I’ve never wanted my life to be led by my limitations. I want to operate – i.e. do all the above – from strength, from abundance, from well-intentioned, well-calculated choice, from a place of liberty and freedom – not from lack thereof. I want to be fully capable and cognisant of the good choices I make about my life (and receive credit and acknowledgement I deserve). (Except then, I might never have started on them in the first place.)
For the first time, I beheld the cross and salvation or redemption in a light that now appears blindingly clear. On one hand, we want our means of redemption to be good-enough for our participation – that we have subscribed to a beautifully systematic religion superior in many ways to the philosophies being contested during first century Rome*.
Yet it is said, our redemption is won by the shockingly ridiculous and preposterous notion** that Jesus’ death on a cross (the most humiliating and punishment made for a criminal) paved the way to an exhilarating new life, reconciled to God. An object of scorn and humiliation = conduit for redemption. Preposterous, in the standard of those days. Plain tak masuk akal. “Foolishness”. It is therefore understandable that such a suggestion would be immediately mocked by the many, and breathtaking when many buy in to it.
An object of scorn and humiliation = conduit for redemption.
A setback that results in loss = conduit for a new lease of life.
Not cool trajectory. But it’s pretty Good News for someone in my position, if you ask me.
I’ve not mentioned God until this point. God is Immanuel. The unspoken Present, the quiet Being. I’ve vacillated in His presence more than anyone else I could dare to trust. I’ve moved from questioning myself to questioning God (finally got the guts and the free time to do it). I’ve been jaded and cynical about Him in my prayers to Him (ironically). I’ve also demanded answers from Him too during this time. But I’ve also experienced the comfort and assurance of being heard, of not having to know the answers, of knowing that God is in charge whether I feel like it or not. I guess that’s what God has been doing, sitting with me, caring for what’s left of impetuous, impulsive, free-as-a-bird me.
Where I’m getting at right now is this… I’m taking some time now to get back to life, whatever that’s going to look like.
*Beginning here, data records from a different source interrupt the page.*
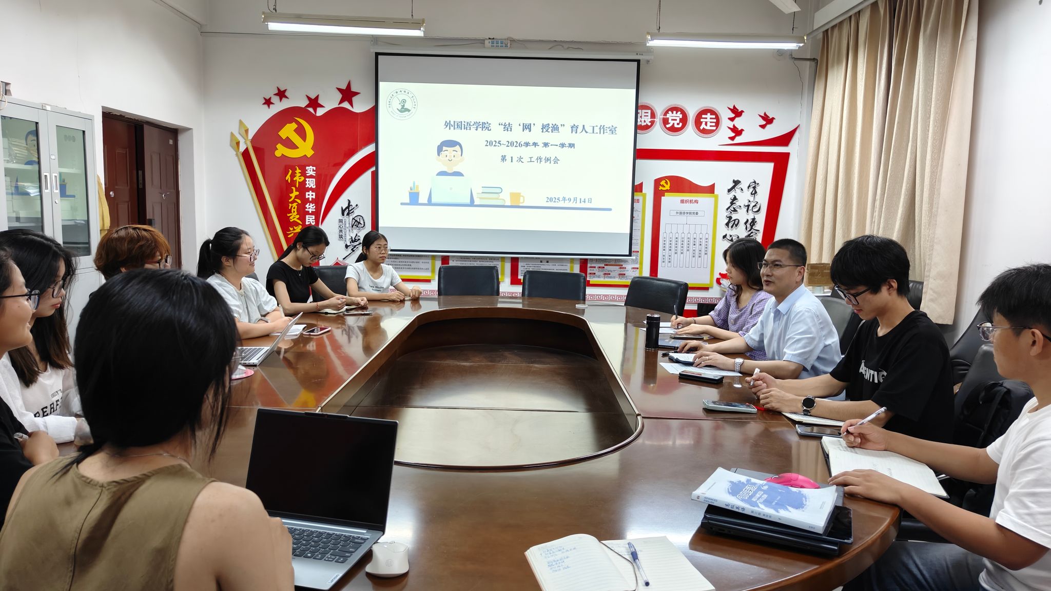 为明确新学期育人工作室工作目标和方向,9月14日下午,我院“结‘网’授渔”育人工作室在文综楼318室召开了2025~2026学年第一学期第1次工作例会,会议由育人工作室主任何军主持,工作室全体成员参加会议。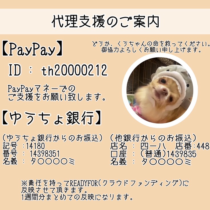ご支援いただいた支援金は、全てくうちゃんの心臓病の手術代と入院費に大切に使わせていただきます。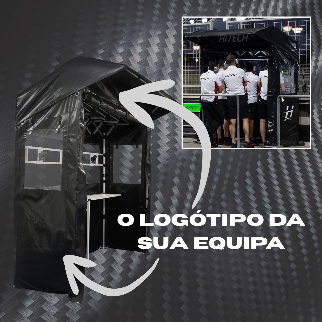 Represente a sua equipa de forma profissional na pit lane com painéis Pit Perch personalizados. Os logótipos e informações principais podem ser aplicados nos painéis laterais e acima da porta, assegurando visibilidade total para câmaras de TV, oficiais e membros da equipa.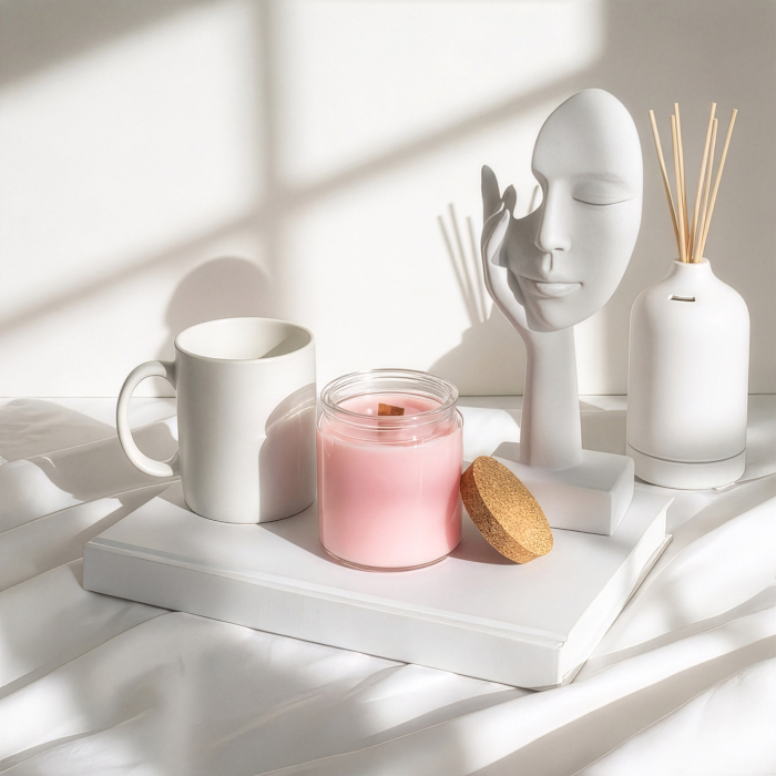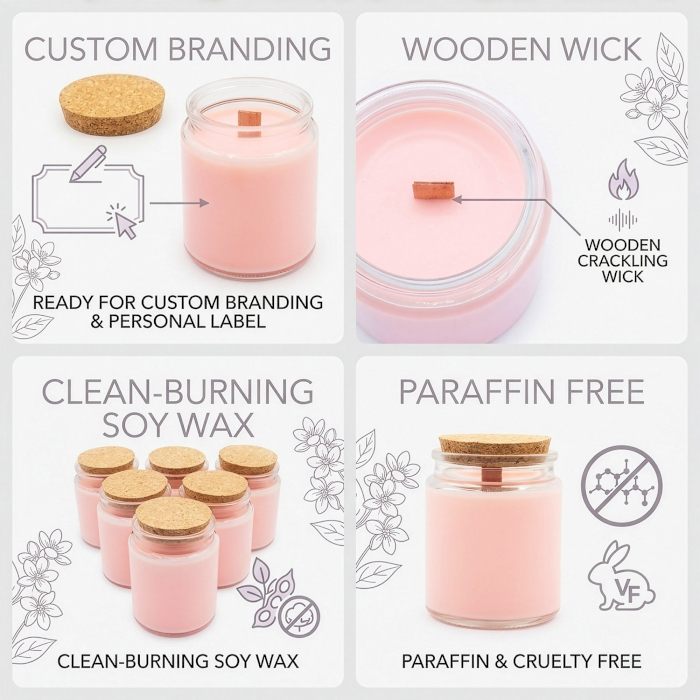 Obohaťte svoj sortiment o očarujúcu kvetinovú vôňu Jazmínová lúka. Táto sójová sviečka s dreveným knôtom bez etikety je navrhnutá pre predajcov, ktorí chcú ponúknuť sofistikovanú bytovú vôňu zachytávajúcu atmosféru pokojnej rozkvitnutej záhrady. Číra sklenená nádoba a prírodné korkové viečko vytvárajú minimalistický základ, vďaka ktorému vynikne vaša vlastná značka.

I’ve been stuck in a hermitage of sorts. I’ve been apprehensive, unsure of myself. I’ve been learning and relearning new habits. I’ve been meditating and trying to figure stuff out. I’ve been in and out of down times. I’ve been trying to get into things again and seeing how I do after. It’s been a stretch.
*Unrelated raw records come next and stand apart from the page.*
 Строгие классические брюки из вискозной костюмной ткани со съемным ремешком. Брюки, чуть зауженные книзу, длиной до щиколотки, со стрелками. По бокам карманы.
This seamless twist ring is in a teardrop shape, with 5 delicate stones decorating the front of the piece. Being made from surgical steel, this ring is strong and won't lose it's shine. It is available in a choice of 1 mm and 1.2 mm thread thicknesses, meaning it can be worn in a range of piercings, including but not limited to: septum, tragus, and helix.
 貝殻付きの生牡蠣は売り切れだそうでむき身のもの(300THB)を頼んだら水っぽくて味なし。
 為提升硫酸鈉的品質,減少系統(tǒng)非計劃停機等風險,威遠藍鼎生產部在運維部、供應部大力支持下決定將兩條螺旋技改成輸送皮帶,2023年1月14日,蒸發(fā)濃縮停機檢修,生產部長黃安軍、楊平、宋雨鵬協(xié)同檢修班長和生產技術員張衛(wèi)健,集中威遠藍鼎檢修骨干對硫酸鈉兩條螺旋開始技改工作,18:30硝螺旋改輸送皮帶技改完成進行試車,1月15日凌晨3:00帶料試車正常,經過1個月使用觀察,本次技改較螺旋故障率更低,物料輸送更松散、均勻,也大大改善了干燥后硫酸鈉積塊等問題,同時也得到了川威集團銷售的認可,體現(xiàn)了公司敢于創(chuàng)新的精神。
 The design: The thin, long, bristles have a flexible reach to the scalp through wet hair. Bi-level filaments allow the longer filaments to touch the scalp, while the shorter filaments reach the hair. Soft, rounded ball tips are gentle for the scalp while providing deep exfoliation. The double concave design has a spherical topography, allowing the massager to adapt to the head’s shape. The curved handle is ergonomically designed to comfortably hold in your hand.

Last time I checked, there’s life in me still, and a life is to be lived, isn’t it? (Although staying in bed watching movies and series is a tempting option). I still very much want to connect, revisit our connection and get back into things again. So, here’s me reaching out to you (and feeling terribly awkward about this terribly awkward way), and saying, “Let’s be in touch again and pick things up where we left off. Soon, real soon.”
*1 Corinthians 1:17-31
**Lesslie Newbigin says this is like making the Gospel accommodate to rational and humanistic assumptions, and projecting it as superior within those assumptions.